1. The core bug: logits, exp(logits), and probabilities are mixed
This part looks suspicious:
y[t][i] = exp(sum);
ssum += sum;
For softmax, if sum is the logit, the denominator should accumulate exp(sum), not sum.
The usual softmax is:
p_i = exp(z_i) / sum_j exp(z_j)
So if you store exp(sum) in y[t][i], then the denominator would need to sum those exponentials. But then later this happens:
softmax_out = expf(y[t][i]) / softsum[t];
That means you are exponentiating y[t][i] again. If y[t][i] already contains exp(logit), this becomes something like:
exp(exp(logit))
That is not softmax.
A cleaner implementation is:
z[t][i] = sum; // raw logit
p[t][i] = softmax(z); // probability
This is also the convention used in Andrej Karpathy’s minimal character RNN. In min-char-rnn.py, the forward pass separates:
ys[t] = np.dot(Why, hs[t]) + by
ps[t] = np.exp(ys[t]) / np.sum(np.exp(ys[t]))
loss += -np.log(ps[t][targets[t], 0])
Here:
| Karpathy variable |
Meaning |
ys[t] |
logits / unnormalized scores |
ps[t] |
softmax probabilities |
targets[t] |
correct class index |
That separation is very useful.
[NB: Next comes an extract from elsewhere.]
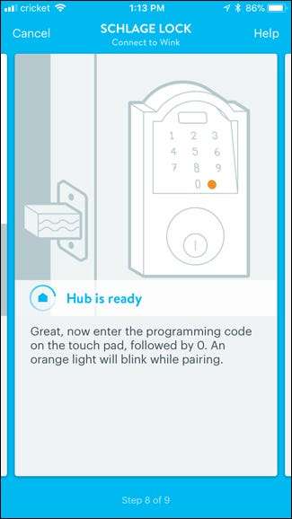 Στη συνέχεια, ανοίξτε την πόρτα σας, επεκτείνετε το αδιέξοδο έτσι ώστε να βρίσκεται στην κλειδωμένη θέση και, στη συνέχεια, πατήστε το κουμπί Schlage ακολουθούμενο από τον κωδικό προγραμματισμού σας συν "0". Η πορτοκαλί κουκκίδα θα αναβοσβήνει και μετά από λίγα δευτερόλεπτα θα ανάψει το πράσινο σημάδι επιλογής, το οποίο δείχνει ότι η σύνδεση ήταν επιτυχής.

I would copy that idea directly into the C version.
2. Use a numerically stable softmax
Even after fixing the logic, I would not write the naive softmax in C. Use the standard max-subtraction trick.
Both CS231n’s softmax notes and Jay Mody’s Numerically Stable Softmax and Cross Entropy explain the same point: exponentials can overflow, and subtracting the maximum logit gives an equivalent but much safer computation.
Use something like this:
// z[t][i] already contains the logits for time step t.
// p[t][i] will contain the probabilities.
float max_z = z[t][0];
for (int i = 1; i < Y_S; i++) {
if (z[t][i] > max_z) {
max_z = z[t][i];
}
}
float denom = 0.0f;
for (int i = 0; i < Y_S; i++) {
p[t][i] = expf(z[t][i] - max_z);
denom += p[t][i];
}
for (int i = 0; i < Y_S; i++) {
p[t][i] /= denom;
}
This has a few advantages:
| Problem |
Why this helps |
Overflow in expf |
The largest exponent becomes expf(0) = 1 |
| Division by zero |
At least one denominator term is 1 |
| Ambiguous variable meaning |
z is logits, p is probability |
| Easier backward pass |
dy = p - one_hot(target) |
You can also compute the loss stably with log-sum-exp:
float log_denom = logf(denom) + max_z;
loss += -z[t][target[t]] + log_denom;
or, if you already computed p:
loss += -logf(p[t][target[t]] + 1e-12f);
The log-sum-exp version is cleaner numerically.
3. The output gradient should be p - one_hot(target)
For softmax + cross-entropy, the gradient with respect to the logits is the classic:
dy = p;
dy[target] -= 1.0f;
This is what Karpathy’s implementation does:
dy = np.copy(ps[t])
dy[targets[t]] -= 1
See also the CS231n neural-net case study section on the softmax gradient: CS231n: Training a Softmax Linear Classifier.
In C, I would write:
float dy[Y_S];
for (int i = 0; i < Y_S; i++) {
dy[i] = p[t][i];
}
dy[target[t]] -= 1.0f;
Then the output-layer gradients are:
for (int i = 0; i < Y_S; i++) {
dby[i] += dy[i];
for (int j = 0; j < H_S; j++) {
dWhy[i][j] += dy[i] * h[t + 1][j];
}
}
This assumes your forward recurrence is:
h[t + 1] = tanh(Wxh * x[t] + Whh * h[t] + bh);
z[t] = Why * h[t + 1] + by;
p[t] = softmax(z[t]);
That indexing convention is fine. It just means h[t] is the previous state and h[t+1] is the current state.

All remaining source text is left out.